In discussing this issue with my old time body shop manager friend, entire car is a b!tch to work on, parts snap together so nicely, but try to unsnap them. Have yet to learn how to pop up the rear seat cushion without breaking those plastic tabs, and Chevy wants 40 bucks for a pair for two new ones. Hear the same thing from the mechanics for other mechanical type work, plus my own experiences. Where are the screws?

Looked at that Pac unit:










What do you need an additional volume control, practically all auxillary amplifiers have this, and sure a bunch of stuff just to get four audio signal pins out, already at the back of the radio. Should run a ground and 12 wire as close to the radio as possible to power the aux amplifier to prevent ground loops. A bit hazy on using a command from the radio to switch on the power amp.

Easy on older cars, just soldered a jumper lead to a real power switch, 04 Cavalier, had to find a point in the circuit that switched on and design a buffer amplifier to switch on the aux amp power on relay. To do a neat installation, had to remove the seats and carpet to run that harness to the rear of the vehicle.
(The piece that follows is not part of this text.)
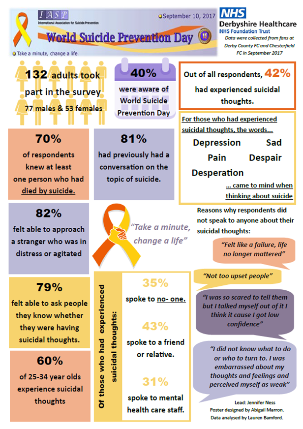 - 2018 ‘Working together to prevent suicide’ events at Derby County FC, Chesterfield FC, Alfreton FC and Belper Town FC.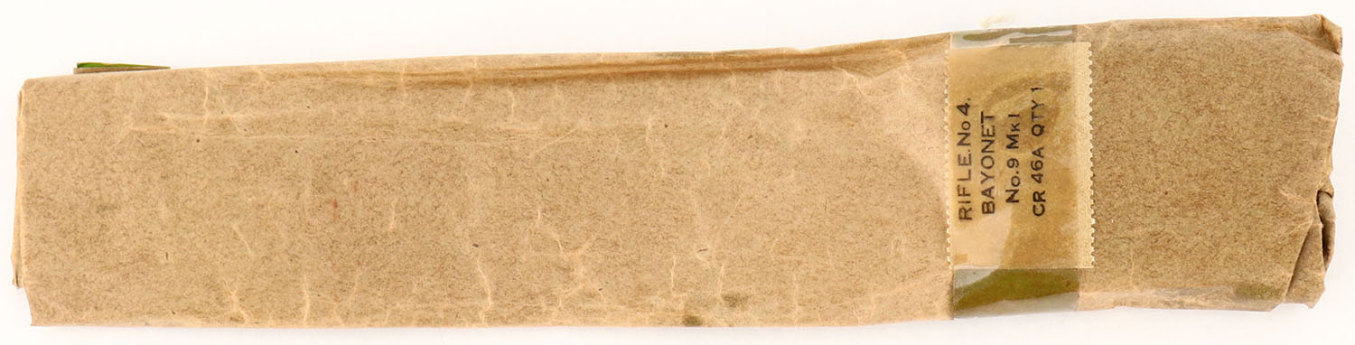 British, No.9 Mk.1 Bayonet, SEALED in original paper wrap. The front label is marked ''RIFLE.No4.'', ''BAYONET'', ''No.9Mk1'', ''CR 46A QTY 1''. Grade: Excellent ++ - Value: 50 to 100

Ha, try this on the Cruze. 

Recall visiting a Bose dealer, was curious how they were getting bass with their waveguide theory with a 2" speaker in a plastic enclosure. So brought along my own CD, he played some kind of flute concerto that sounded pretty good, but would not let me insert my heavy bass CD. Darn near threw me out of his store.

Just another solution with the Cruze, play flute concertos, sounds pretty good.


----------



## theonenandrew (Mar 25, 2015)

bad_diesel said:


> The head unit was a bitch and a half to pull in mine and we didn't even end up needing to. We used the rear door speaker for signal and used this fuse tap I found to run power to.


How did you tap into the rear speakers for signal? Like how did you connect the wires?


----------



## NickD (Dec 10, 2011)

Trying to pry off that center post molding in the Cruze would be a major challenge without breaking it. Maybe on a very hot day. But will only get two speaker wires. Still need a ground from the rear of the radio to prevent ground loops for the aux amp, can get the 12 volts from anywhere. Also something from the rear of the radio to switch that aux amp, on and off.

Plus the speaker wires are also back there. 

Think they call this logic. 

Do have some ideas for making a tool so I can remove the back lower seat cushion without laying out an additional 40 bucks for two very cheap plastic tabs. But my wife and family have different chores for me to do. 

Talked to several Chevy body shop managers on this issue, they had to learn how to explain to insurance companies or customers why the extra cost for having to break things off the Cruze, and found no easy way. Snap in so nice, but impossible to remove. 

Reminds me of some aircraft engine where the head and cylinder are cast in one piece, if that top piston ring expands by pushing that piston in a tad too far, you are dead meat. No way to get it out, call this a blind hole.

Cruze body designers must have heard about this, sounds like fun, let's do it, plus we will save a screw. Also if that unibody bends, this is the largest throwaway part, but blame this on the government, dey all do dis. 

Ha, can also buy one of these and set it in the back seat of your car, comes with two 10" speakers.


----------